_What is needed_. An image-free reproduction of the data below is needed: print it exactly.

Records: Begin

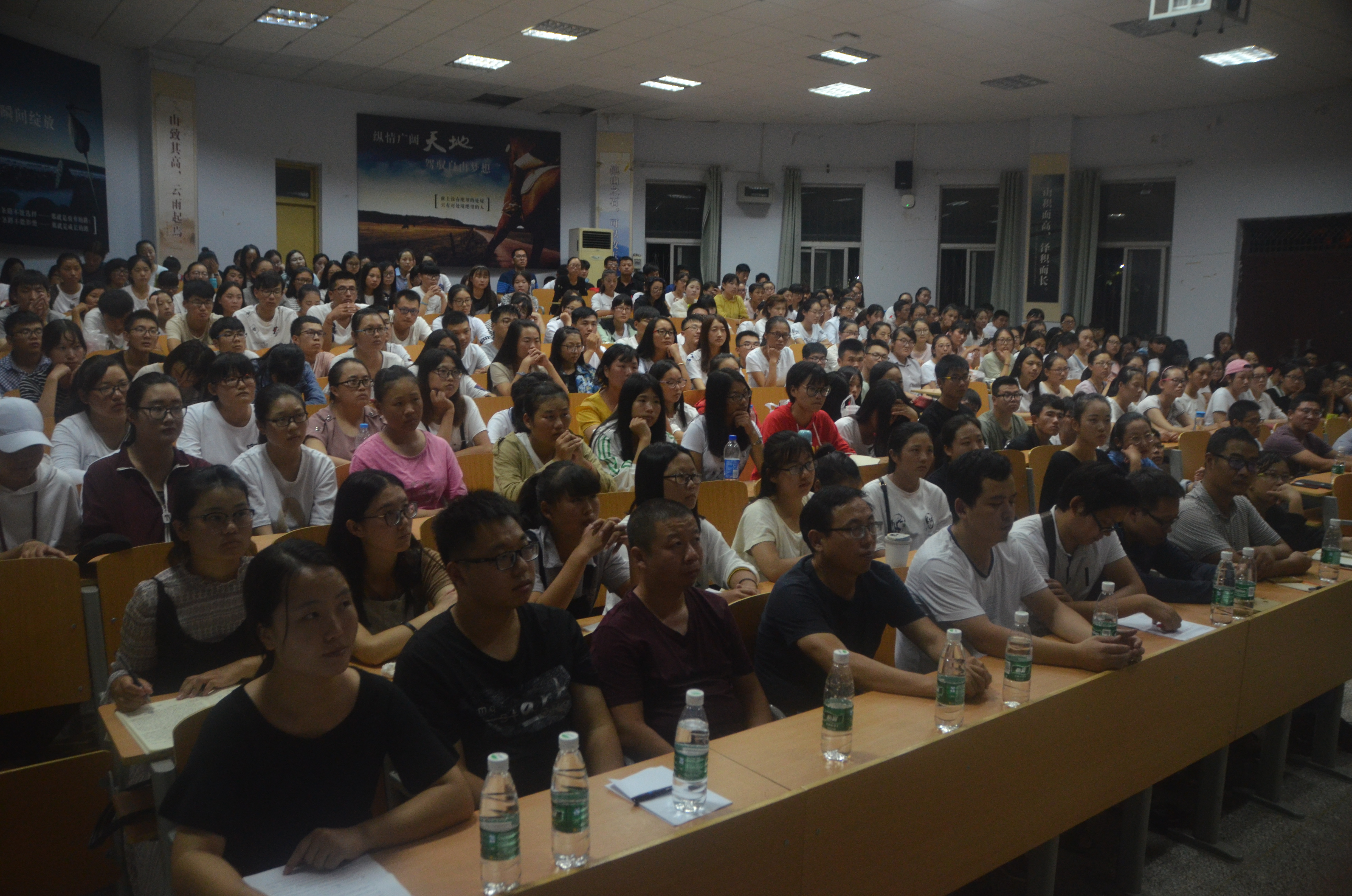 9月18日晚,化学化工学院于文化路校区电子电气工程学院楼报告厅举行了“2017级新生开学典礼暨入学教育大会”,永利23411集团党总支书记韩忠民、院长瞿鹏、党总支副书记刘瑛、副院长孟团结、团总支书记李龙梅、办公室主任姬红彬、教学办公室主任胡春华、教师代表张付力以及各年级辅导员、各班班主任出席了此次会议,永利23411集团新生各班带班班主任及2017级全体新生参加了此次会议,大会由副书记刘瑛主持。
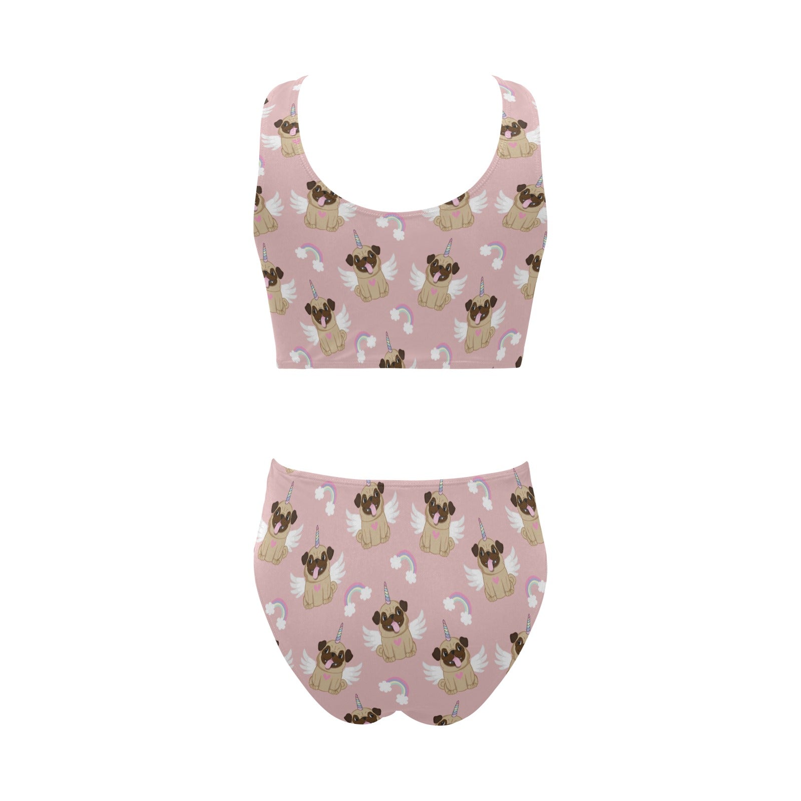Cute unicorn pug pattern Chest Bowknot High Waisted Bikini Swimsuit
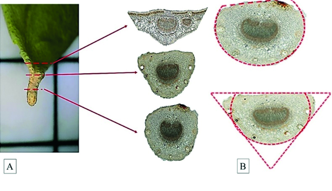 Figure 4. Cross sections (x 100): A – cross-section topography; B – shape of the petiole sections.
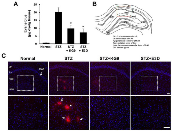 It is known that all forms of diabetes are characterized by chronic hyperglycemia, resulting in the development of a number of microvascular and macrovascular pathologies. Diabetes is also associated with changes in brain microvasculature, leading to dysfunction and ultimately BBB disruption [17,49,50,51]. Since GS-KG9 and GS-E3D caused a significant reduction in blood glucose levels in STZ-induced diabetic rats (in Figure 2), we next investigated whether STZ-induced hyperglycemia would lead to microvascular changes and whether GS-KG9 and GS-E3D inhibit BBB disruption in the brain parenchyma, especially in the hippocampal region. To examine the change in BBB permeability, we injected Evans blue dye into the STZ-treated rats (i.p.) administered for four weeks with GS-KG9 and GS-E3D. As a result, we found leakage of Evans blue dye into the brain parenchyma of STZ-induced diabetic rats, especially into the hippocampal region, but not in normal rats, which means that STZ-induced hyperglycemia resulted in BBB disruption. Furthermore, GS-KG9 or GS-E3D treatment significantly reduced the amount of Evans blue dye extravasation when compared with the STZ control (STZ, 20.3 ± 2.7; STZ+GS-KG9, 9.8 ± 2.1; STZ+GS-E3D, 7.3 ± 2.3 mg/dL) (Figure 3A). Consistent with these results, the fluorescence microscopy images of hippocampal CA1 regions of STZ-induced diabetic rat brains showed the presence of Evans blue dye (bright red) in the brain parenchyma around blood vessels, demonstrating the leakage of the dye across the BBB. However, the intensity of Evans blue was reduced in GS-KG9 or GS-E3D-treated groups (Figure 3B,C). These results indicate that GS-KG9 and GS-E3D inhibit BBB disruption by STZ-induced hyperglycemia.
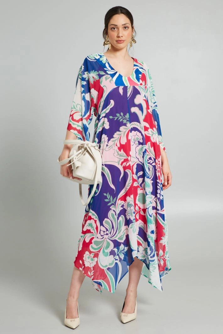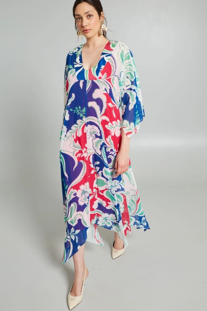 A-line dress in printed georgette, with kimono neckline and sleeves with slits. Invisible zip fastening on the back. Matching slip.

Records: End

_Response area_.
 9月18日晚,化学化工学院于文化路校区电子电气工程学院楼报告厅举行了“2017级新生开学典礼暨入学教育大会”,永利23411集团党总支书记韩忠民、院长瞿鹏、党总支副书记刘瑛、副院长孟团结、团总支书记李龙梅、办公室主任姬红彬、教学办公室主任胡春华、教师代表张付力以及各年级辅导员、各班班主任出席了此次会议,永利23411集团新生各班带班班主任及2017级全体新生参加了此次会议,大会由副书记刘瑛主持。
Cute unicorn pug pattern Chest Bowknot High Waisted Bikini Swimsuit
 Figure 4. Cross sections (x 100): A – cross-section topography; B – shape of the petiole sections.
 It is known that all forms of diabetes are characterized by chronic hyperglycemia, resulting in the development of a number of microvascular and macrovascular pathologies. Diabetes is also associated with changes in brain microvasculature, leading to dysfunction and ultimately BBB disruption [17,49,50,51]. Since GS-KG9 and GS-E3D caused a significant reduction in blood glucose levels in STZ-induced diabetic rats (in Figure 2), we next investigated whether STZ-induced hyperglycemia would lead to microvascular changes and whether GS-KG9 and GS-E3D inhibit BBB disruption in the brain parenchyma, especially in the hippocampal region. To examine the change in BBB permeability, we injected Evans blue dye into the STZ-treated rats (i.p.) administered for four weeks with GS-KG9 and GS-E3D. As a result, we found leakage of Evans blue dye into the brain parenchyma of STZ-induced diabetic rats, especially into the hippocampal region, but not in normal rats, which means that STZ-induced hyperglycemia resulted in BBB disruption. Furthermore, GS-KG9 or GS-E3D treatment significantly reduced the amount of Evans blue dye extravasation when compared with the STZ control (STZ, 20.3 ± 2.7; STZ+GS-KG9, 9.8 ± 2.1; STZ+GS-E3D, 7.3 ± 2.3 mg/dL) (Figure 3A). Consistent with these results, the fluorescence microscopy images of hippocampal CA1 regions of STZ-induced diabetic rat brains showed the presence of Evans blue dye (bright red) in the brain parenchyma around blood vessels, demonstrating the leakage of the dye across the BBB. However, the intensity of Evans blue was reduced in GS-KG9 or GS-E3D-treated groups (Figure 3B,C). These results indicate that GS-KG9 and GS-E3D inhibit BBB disruption by STZ-induced hyperglycemia.
 A-line dress in printed georgette, with kimono neckline and sleeves with slits. Invisible zip fastening on the back. Matching slip.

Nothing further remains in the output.